La revue 303 arts, recherches, créations a choisi de mettre à l’honneur le vélo et démontre, par une multitude de points de vue, la place qu’il occupe dans notre réalité quotidienne comme dans nos imaginaires.

Ce numéro 136 a également été à l’origine d’une découverte artistique. En raison de son ampleur et de l’univers qu’elle déploie, Grimasques, la série de l’artiste Dominique Bulteau, méritait la réalisation d’un tiré à part présentant vingt des autoportraits qui la composent. Elle révèle une relation singulière entre l’artiste et des objets familiers des cyclistes, qui se retrouvent ici mis en scène, parfois jusqu’à un véritable corps à corps.
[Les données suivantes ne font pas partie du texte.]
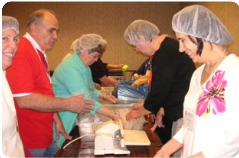
Members help package foods for Kids Against Hunger program.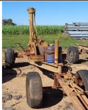
Item: TM004 - Southern Cross without Gun 1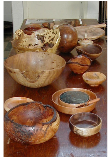
Some of the show-and-tell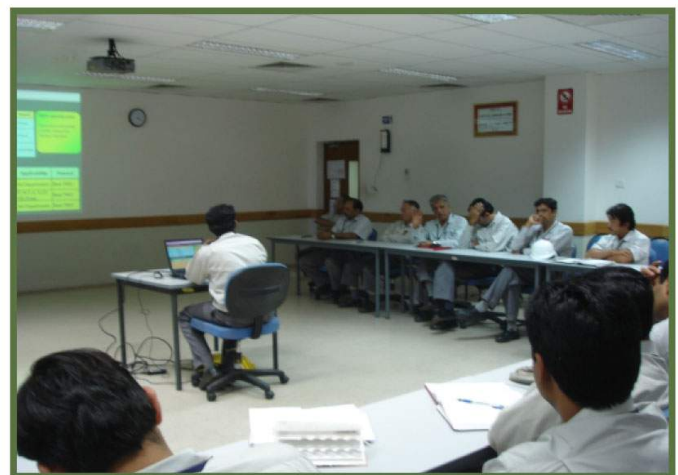
Fig 6.3 : Training to Managers

Ce tiré à part rejoint des publications dédiées précédemment à François Morellet, Jean-Michel Sanejouand, ou aux créations d’artistes résidant dans les Pays de la Loire. Ces publications visent à faire connaître ou redécouvrir des artistes, confirmés ou en devenir, qui par-ticipent du dynamisme culturel de la région et de son rayonnement. La création est bien vivante dans les Pays de la Loire. Elle est le fait d’artistes en direction desquels il est indispensable de maintenir des politiques publiques de la culture ambitieuses et concertées, afin d’accompagner le développement de leur parcours professionnel et de rendre leurs œuvres accessibles à tous.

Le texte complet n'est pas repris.